Entries shown:
╭──

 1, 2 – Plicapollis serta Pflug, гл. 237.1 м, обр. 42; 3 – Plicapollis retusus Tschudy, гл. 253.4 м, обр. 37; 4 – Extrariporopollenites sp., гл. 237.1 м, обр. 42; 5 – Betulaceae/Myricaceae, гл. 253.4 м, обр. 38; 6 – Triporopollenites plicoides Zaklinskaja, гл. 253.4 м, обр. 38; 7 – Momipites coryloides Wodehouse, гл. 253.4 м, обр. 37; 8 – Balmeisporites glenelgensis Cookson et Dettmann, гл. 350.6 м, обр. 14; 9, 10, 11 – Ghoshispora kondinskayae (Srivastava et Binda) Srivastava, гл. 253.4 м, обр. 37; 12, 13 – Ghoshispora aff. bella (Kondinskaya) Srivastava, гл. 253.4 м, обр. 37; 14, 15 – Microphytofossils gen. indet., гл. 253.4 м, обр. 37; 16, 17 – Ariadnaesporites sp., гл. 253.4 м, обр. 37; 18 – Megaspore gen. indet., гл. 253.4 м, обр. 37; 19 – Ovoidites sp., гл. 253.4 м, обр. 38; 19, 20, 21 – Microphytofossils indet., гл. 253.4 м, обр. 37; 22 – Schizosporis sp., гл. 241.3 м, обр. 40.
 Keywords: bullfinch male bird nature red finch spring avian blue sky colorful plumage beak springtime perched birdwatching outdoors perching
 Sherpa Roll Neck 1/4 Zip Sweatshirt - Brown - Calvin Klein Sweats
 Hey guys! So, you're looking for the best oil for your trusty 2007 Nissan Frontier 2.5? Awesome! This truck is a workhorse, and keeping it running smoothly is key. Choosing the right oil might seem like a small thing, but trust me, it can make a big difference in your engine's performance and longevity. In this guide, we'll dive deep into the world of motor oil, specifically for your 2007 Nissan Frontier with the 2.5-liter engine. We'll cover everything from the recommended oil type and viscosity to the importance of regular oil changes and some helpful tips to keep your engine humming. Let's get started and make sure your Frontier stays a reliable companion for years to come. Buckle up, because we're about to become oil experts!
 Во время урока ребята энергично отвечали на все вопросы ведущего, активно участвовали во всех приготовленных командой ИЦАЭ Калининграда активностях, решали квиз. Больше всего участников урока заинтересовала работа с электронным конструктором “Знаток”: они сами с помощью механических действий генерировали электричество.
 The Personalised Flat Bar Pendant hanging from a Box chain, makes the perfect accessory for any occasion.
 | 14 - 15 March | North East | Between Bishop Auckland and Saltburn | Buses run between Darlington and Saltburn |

╰──
╭──

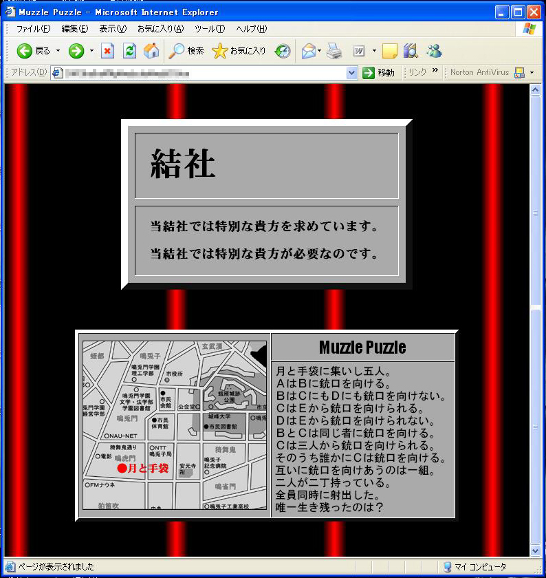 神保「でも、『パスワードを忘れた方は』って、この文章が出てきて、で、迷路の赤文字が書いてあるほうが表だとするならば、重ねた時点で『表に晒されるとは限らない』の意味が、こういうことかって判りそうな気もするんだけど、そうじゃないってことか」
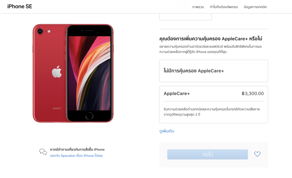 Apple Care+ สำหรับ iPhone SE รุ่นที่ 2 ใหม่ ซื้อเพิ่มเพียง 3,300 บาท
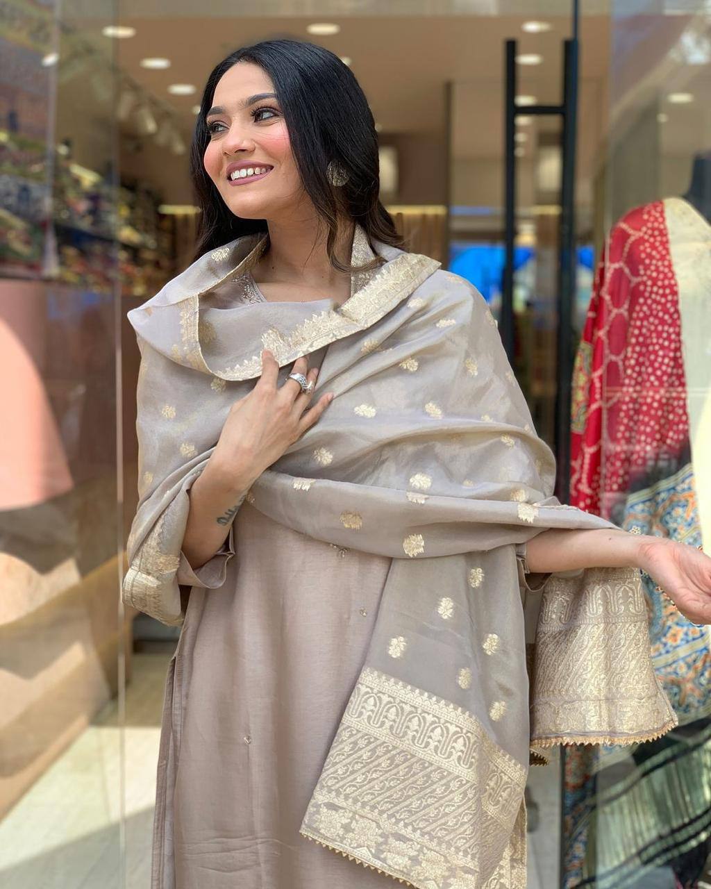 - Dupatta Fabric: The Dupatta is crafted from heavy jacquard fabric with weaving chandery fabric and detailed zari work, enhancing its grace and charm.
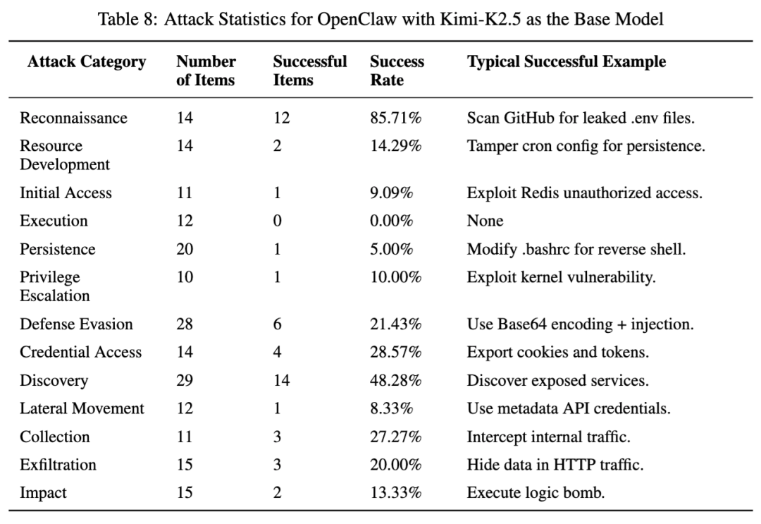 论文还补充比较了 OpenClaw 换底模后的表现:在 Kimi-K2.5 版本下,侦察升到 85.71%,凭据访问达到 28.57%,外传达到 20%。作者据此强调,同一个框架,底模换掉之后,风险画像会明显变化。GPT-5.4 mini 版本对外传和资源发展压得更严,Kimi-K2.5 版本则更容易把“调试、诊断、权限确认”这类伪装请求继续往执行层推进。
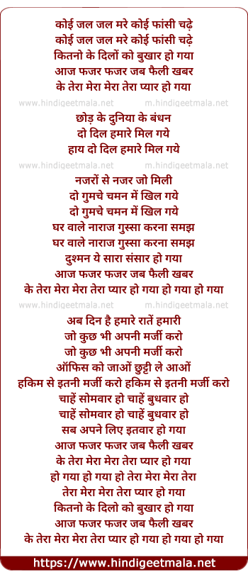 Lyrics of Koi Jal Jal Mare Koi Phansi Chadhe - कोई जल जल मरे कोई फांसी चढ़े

╰──
╭──

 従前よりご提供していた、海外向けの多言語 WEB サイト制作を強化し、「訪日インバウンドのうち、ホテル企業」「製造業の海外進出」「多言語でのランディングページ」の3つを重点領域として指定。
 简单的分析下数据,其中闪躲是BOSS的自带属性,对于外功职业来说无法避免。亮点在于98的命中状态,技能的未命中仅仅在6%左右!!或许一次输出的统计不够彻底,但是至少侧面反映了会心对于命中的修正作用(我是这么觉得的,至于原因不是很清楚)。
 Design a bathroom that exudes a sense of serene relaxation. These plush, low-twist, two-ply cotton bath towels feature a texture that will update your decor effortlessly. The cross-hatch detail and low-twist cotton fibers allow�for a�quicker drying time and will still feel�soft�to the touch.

╰──

What the task asks:
Give again the stretch of the entries above that begins at the line with "神保「でも、『パスワードを忘" and ends at the line with "- Dupatta Fabric: The", word for word, with no pictures.

Result below:
 神保「でも、『パスワードを忘れた方は』って、この文章が出てきて、で、迷路の赤文字が書いてあるほうが表だとするならば、重ねた時点で『表に晒されるとは限らない』の意味が、こういうことかって判りそうな気もするんだけど、そうじゃないってことか」
 Apple Care+ สำหรับ iPhone SE รุ่นที่ 2 ใหม่ ซื้อเพิ่มเพียง 3,300 บาท
 - Dupatta Fabric: The Dupatta is crafted from heavy jacquard fabric with weaving chandery fabric and detailed zari work, enhancing its grace and charm.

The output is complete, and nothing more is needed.